Have you noticed? Have you noticed enough? Storms, hurricanes, grand natural disasters of any serious scale have the most remarkable, devastating ability, not merely to slam us into compliance, not merely to remind us to buy better rain boots next time, not merely prove to us just how motherf--king awesome/terrifying is Mother Nature as a force of upheaval and annihilation, but to wipe our whiny, personal melodramatic slates clean.
Is it not the greatest thing? Is it not so harrowing and timeless as to be downright irrefutable? We look at something like Sandy and we say, "Finally, it's not all about us. Finally, something that has nothing to do with our petty woes, egos, logos, moans, arguments, scams, speeches, anonymous comments and porn addictions."

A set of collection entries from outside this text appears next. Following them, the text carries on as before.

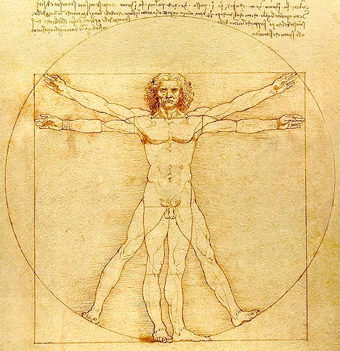 El cuadrado del ¨hombre de Vitruvio¨, está centrado en los genitales, y el círculo en el ombligo. La relación entre el lado del cuadrado y el radio del círculo es la razón áurea. Para Vitruvio el cuerpo humano está dividido en dos mitades por los órganos sexuales, mientras que el ombligo determina la sección áurea. En la Edad Media, la sección áurea era considerada de origen divino: se creía que encarnaba la perfección de la creación divina.
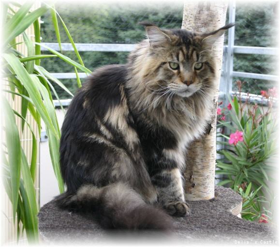 Venga ist ein seeehr kräftiger, großer Kater, der mit 1,5 Jahren 9 kg. wiegt. Er hat eine dicke Knuddelschnauze mit einem Megakinn und einer sehr guten Nasenlinie. Dazu kommen Wahnsinnsohren mit den tollsten Pinseln, die ich je gesehen habe, oben drauf. Obwohl er aus einer reinen Showlinie kommt, hat er mit den meisten unserer Katzen (bis auf 2 ) ein sehr guten Inzuchtwert, das Inbreeding liegt nicht über 15 % vor dem Komma. Das ist uns sehr sehr wichtig!
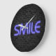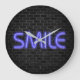 SMILE text in neon lights on brick Large Clock
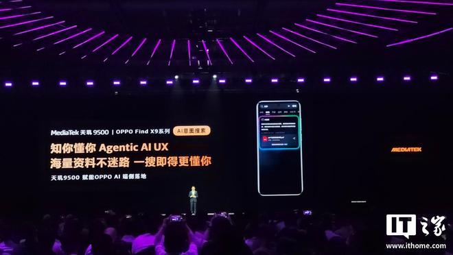 天玑 9500 赋能 vivo 蓝心 3B 大模型端侧运行,vivo X300 系列手机蓝心 AI 录音机支持主动及时 Agentic Al UX,即时文本转写,自动智能命名;天玑 9500 还赋能 OPPO AI 端侧落地,Find X9 系列手机 AI 意图搜索拥有知你懂你 Agentic Al UX,号称“海量资料不迷路,一搜即得更懂你”。
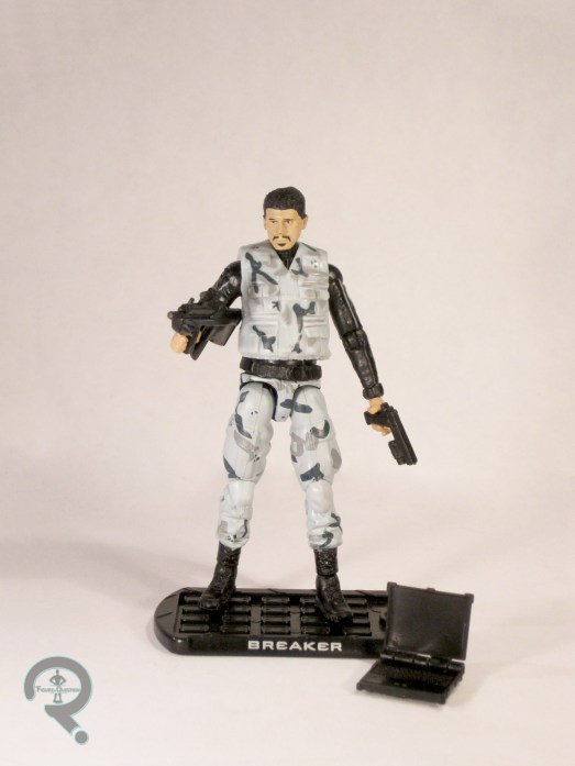 Sgt. Stone was released as part of the G.I. Joe: Rise of Cobra tie-in figures in 2009. The line used a weird and sort of complicated interplay of “collections” and “waves”, and Stone was part of Collection 2 Wave 2…which really just means he was part of the larger push of product made up of the first two waves of both collections that all hit shortly before the film’s release in 2009. The figure stands 4 inches tall and he has 22 points of articulation. He shared his torso and legs with the movie version of Zartan, fitting, since Zartan was in Joe fatigues for his figure. Stone’s construction is the standard 25th style assembly. It’s generally not a bad set-up, although that mid-torso joint always has a tendency to be a bit finicky. Stone’s uniquely sculpted pieces include his head, arms, and the armored vest for his torso. The head doesn’t have a Fraser likeness to speak of; the eyes are too small and too
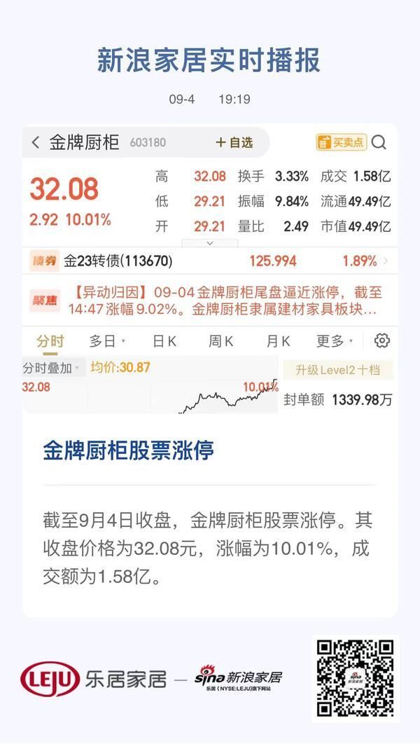 截至9月4日收盘,金牌厨柜股票涨停。其收盘价格为32.08元,涨幅为10.01%,成交额为1.58亿。
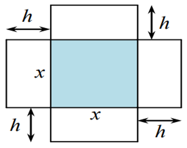 Một hình hộp không có nắp được làm từ một mảnh bìa giấy theo như hình vẽ. Hộp có đáy là một hình vuông cạnh $x$ cm, chiều cao $h = 10$cm.
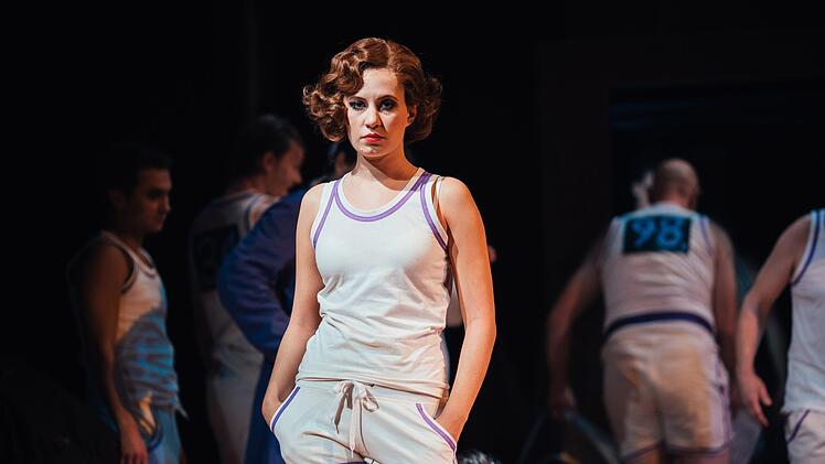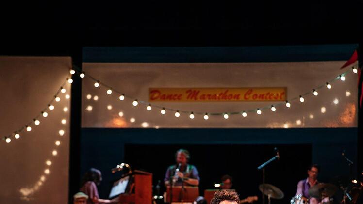 Die mächtig, fast einschüchternd aufragende Tanzhalle hat Gabriele Wasmuth geschaffen. Carola Volles zeigt in ihrer 30er-Jahre-Ausstattung eindrucksvoll den Verfall der Tänzer im Laufe des mörderischen Wettbewerbes.
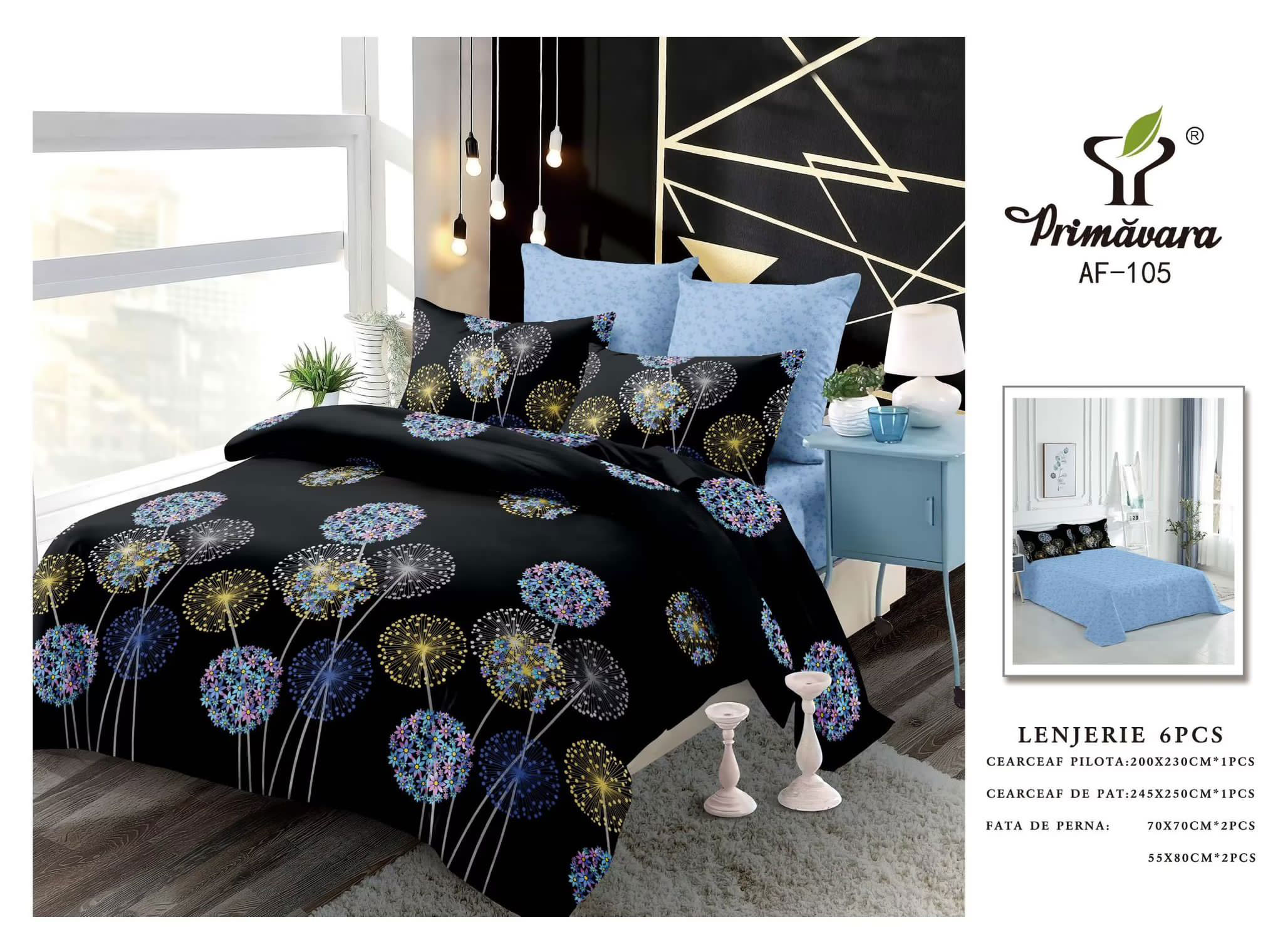 Lenjerie pentru pat dublu, cu 6 piese confectionate din 100% bumbac, tesatura tip finet. Materialul din care este confectionata lenjeria este de calitate superioara cu o textura fina, moale, foarte placuta la atingere si tratat antisifonare. Garantat nu se decoloreaza daca se respecta instructiunile de intretinere.
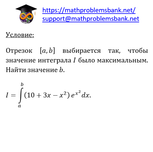 Yсловие: Отрезок \( [a, b] \) выбирается так, чтобы значение интеграла \( I \) было максимальным. Найти значение \( b \). \[ I=\int_{a}^{b}\left(10+3 x-x^{2}\right) e^{x^{2}} d x \]

All karmic doors are blown wide open. All emotional baggage revealed as rickety and thin. Sandy does not care about who you love, hate or marry. She does not care who you vote for. She does not give a damn about your rent, your car, your opinion of gay marriage, Mitt Romney's hollow soul, factory worker abuse in China, immigration reform, gas prices, Libya, or the well-being of your cat, you home or your children.
She is the equal-opportunity demolisher. She is Kali in a black windbreaker, Shiva in a violent fever dream, transformation writ unscalable and dim.
All normal fortifications are hereby adjourned. Your income level won't save you. Your age, race and gender are largely irrelevant. Your education level matters not at all (unless you're too stupid to get out of the way). In this way, she is the feral earth at her most egalitarian. Everyone is affected; no one is completely safe.
What, you don't live in one of the 20 distressed cities? Didn't feel her much of her wrath this time? Don't worry -- she knows where you live. Or rather, her relatives do. And with accelerated climate change, they'll be coming for a visit soon.
Are you like me? Amidst the chaos and devastation, do you have a strange compulsion to float down a flooded highway atop a caved-in roof and shout it to the winds: "We are not the center of it all, after all! We are not the top of nature's food chain; we are the toothpicks! We are not the rulers of the world, we are the swarm of adorably baffled gnats, bounded inside a subway tube and calling ourselves the kings of infinite space!"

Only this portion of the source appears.